Unless otherwise noted, lectures are held the second Tuesday of each month at 4:00 PM in 341 Bardeen.





September 9th - Imaging Interkinetic Nuclear Migration and Neurogenesis in the Retina

Brian Link
Department of Cell Biology, Neurobiology and Anatomy
Medical College of Wisconsin



During retinal development, neuroepithelial progenitor cells divide in either a symmetric proliferative mode, where both daughter cells remain mitotic, or in a neurogenic mode, where at least one daughter cell exits the cell cycle and differentiates as a neuron. While the cellular mechanisms of neurogenesis remain unknown, heterogeneity in cell behaviors has been postulated to influence this cell fate. In this talk I will present studies addressing interkinetic nuclear migration, the apical-basal movement of nuclei in phase with the cell cycle, and the relationship of this cell behavior to neurogenesis. Using time-lapse imaging in zebrafish we found that various parameters of interkinetic nuclear migration were significantly heterogeneous among retinal neuroepithelial cells. We found that specific patterns of INKM precede a terminal mitosis. Finally, I will present recent findings on the signaling molecules that influence the relationship between nuclear position and neurogenesis. Overall, this data supports a novel model for neurogenesis where interkinetic nuclear migration differentially positions nuclei in neuroepithelial cells and therefore influences selection of progenitors for cell cycle exit based on apical-basal polarized signals.





October 7th - Extracting Quantitative Information from Biological Images
Note: Special Day

Anne Carpenter
Imaging Platform
The Broad Institute



Microscopy images contain abundant information about the properties of cells, organisms, or materials, but are rarely mined to their full potential. Automated image analysis can potentially produce rich, reproducible, quantitative results for hundreds of thousands of samples in an experiment. We are developing new methods for image analysis and data mining and releasing them to the scientific community via the CellProfiler open-source software project (www.cellprofiler.org).

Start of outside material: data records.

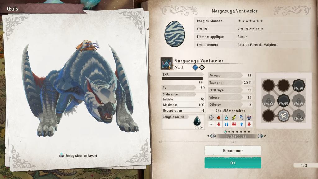 Obtenir un œuf n’est que la première étape, car le but est aussi de trouver un spécimen fort et doté de gènes intéressants. Pour cela, il est crucial de garder à l’esprit que vous cherchez un Nargacuga avec une vitalité élevée, qui pourra se développer et devenir un allié solide dans votre aventure.
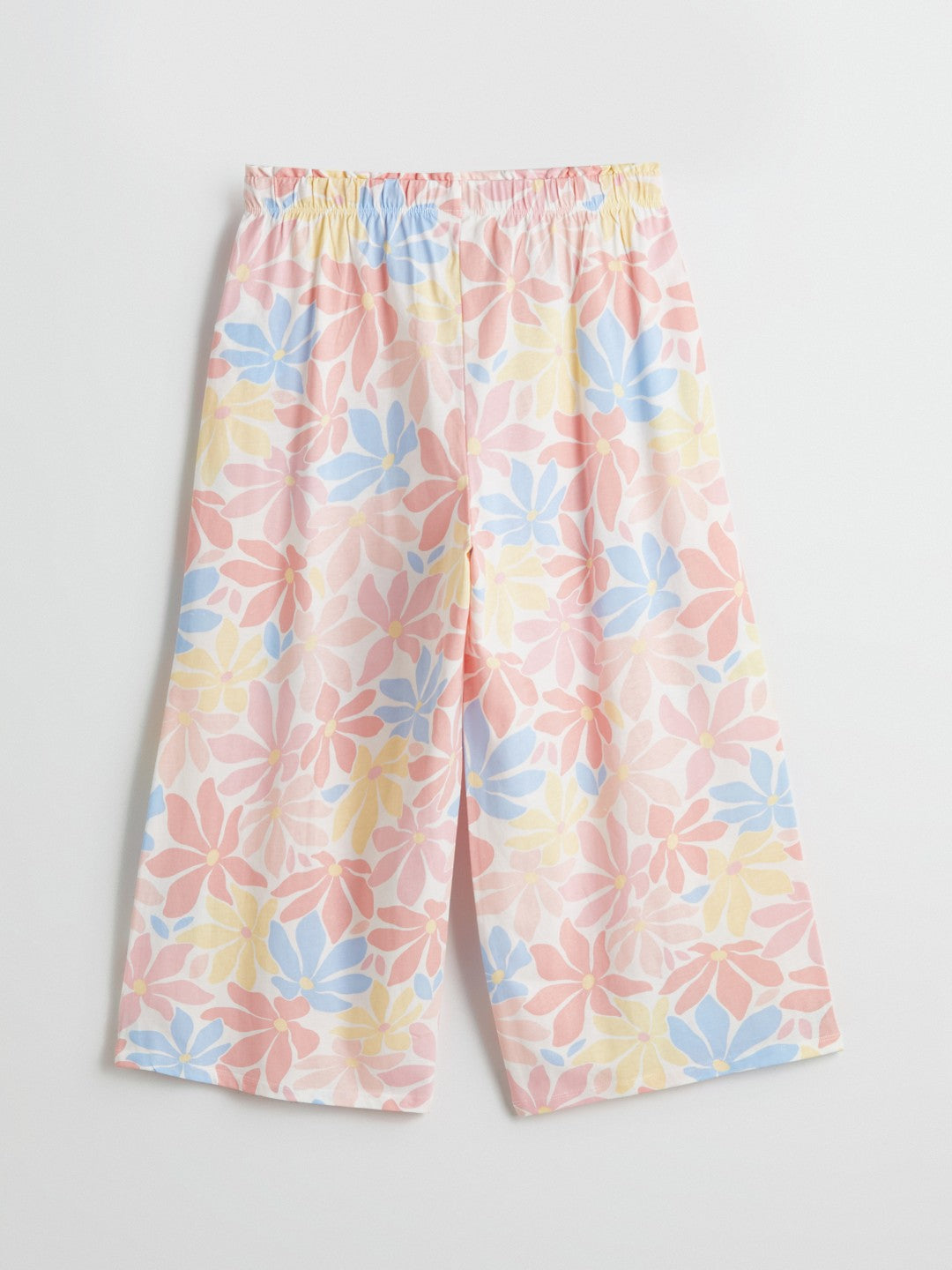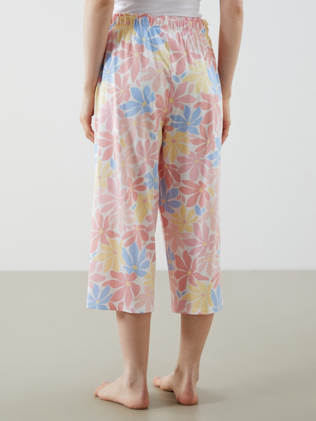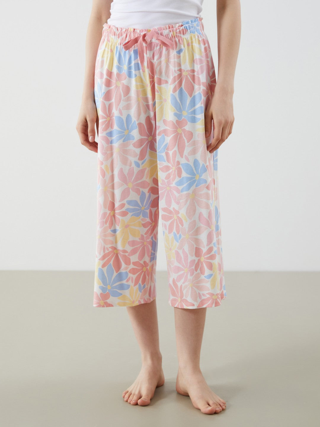 Floral capri pajama bottoms with adjustable drawstring waist. Made of single jersey fabric.
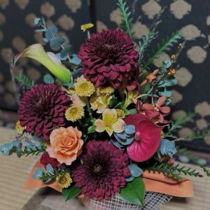 オレンジ 黄色で統一された アレンジ花(˶ᵔᵕᵔ˶)

Using CellProfiler’s flexible modules, researchers have set up automated image analysis pipelines to identify and measure the properties of a wide variety of biological “objects”, including mammalian, yeast, and Drosophila cells in culture, C. elegans worms, tumors in mice, yeast colonies, and yeast growth patches on agar. Multiple quantitative features of each object and each object’s sub-compartments are extracted, including size, shape, and the intensity and texture (smoothness) of each color channel in the original image.

Because the human visual system actually uses a combination of features to identify objects with complex or subtle appearances, we have created a tool (CellProfiler Analyst) to enable supervised machine learning based on multiple features of each object. In this approach, a researcher spends a few hours training a computer to recognize the objects of interest in images. Machine learning algorithms then distinguish objects of interest based on the rich set of hundreds of CellProfiler-measured features. We have used this approach to readily score dozens of complex phenotypes in images automatically and quantitatively.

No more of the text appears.